The plaintiff argues that equity should be considered and, both at oral argument and in its brief, cited a number of compelling reasons why justice calls for the defendant to pay what it legally and morally should pay. This is not a matter of equity, however, but simply one of statutory construction and application. We agree
The judgment is affirmed.
In this opinion the other judges concurred.
The court denied the plaintiffs motion for summary judgment.
The plaintiffs statement of issues contained a third issue: “Did the trial court err in concluding that there was no genuine issue of material fact as to the defendant and plaintiffs motion and cross motion for summary judgment?” The plaintiff failed to brief this issue. We will not consider a claim not briefed. Jones v. Ippoliti, 52 Conn. App. 199, 201 n.4, 727 A.2d 713 (1999). The plaintiffs sole reference to this issue is in its reply brief and in a brief paragraph in its principal brief, without analysis.
General Statutes § 49-37 (a) provides: “Whenever any mechanic’s lien has been placed upon any real estate pursuant to sections 49-33, 49-34 and 49-35, the owner of that real estate, or any person interested in it, may make an application to any judge of the Superior Court that the lien be dissolved upon the substitution of a bond with surety, and the judge shall order reasonable notice to be given to the lienor of the application. If the lienor is not a resident of the state, the judge may order notice to be given by publication, registered or certified letter or personal service. If the judge is satisfied that the applicant in good faith intends to contest the lien, he shall,
The parties agree that the defendant, as surety, was not a party to the arbitration proceedings.

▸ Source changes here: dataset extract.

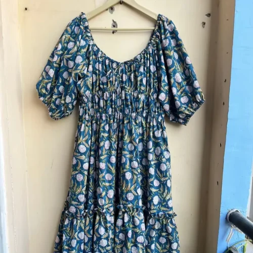 Women Wear Green neckline cotton Green Midi Casual Dress Cotton Long maxi Summer Puff Sleeve Dress with pocket Supply

The plaintiff claimed during oral argument that as a common-law bond, the one year statute of limitation was inapplicable to an action brought to collect on it as a security. Even if the bond was not statutory, an action might be time barred even by a six year statute of limitation, unless the statute ran from the date that the arbitration award was confirmed by the Superior Court.